Gayle had smiled. “Well, why don’t you just tell me what you hope readers take away from your book?”
So Ginny had embarked on a spirited lecture about the importance of historical research into the Bible and religion. Her first book, the one that earned her the Ph.D., had been Reclaiming the Sacred Feminine, a study into how the early male-dominated Church had deliberately excluded women from its hierarchy. She explained to Gayle that the early Christians had twisted not only the Old Testament, but the teachings of Jesus himself to establish their own power base. She made a point to stress that she wasn’t attacking anyone’s faith—and that she herself believed in the teachings of Jesus. But historical evidence existed, she told Gayle, that showed how early Church leaders had, for political purposes, distorted and sometimes removed entirely large segments of the Bible.

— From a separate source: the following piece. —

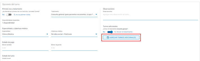 1. Desde la agenda, iniciá el proceso habitual para dar un turno. En la ventana del turno, hacé clic en “Agregar turnos adicionales”.

“What if much of what you’ve ever been taught about Christianity is wrong?” Ginny had asked the reporter in her enthusiasm. Gayle had sat there dispassionately, taking notes. Ginny talked for more than hour, even if Gayle didn’t ask many questions.
When the article appeared, all hell broke loose.
For one thing, the headline simply read: CHRISTIANITY, SAYS NEW PROFESSOR AT WILBOURNE COLLEGE.
Dean Gregory had called Ginny into his office, and lectured her for over an hour about “dealing with the press”—which, considering Ginny had much more experience with the press than he did, was more than a little insulting. Not once did he even give her an opportunity to defend herself. Gregory had always been enthusiastic and friendly before, but from that moment on, Ginny and Dean Gregory kept as far apart from each other as possible.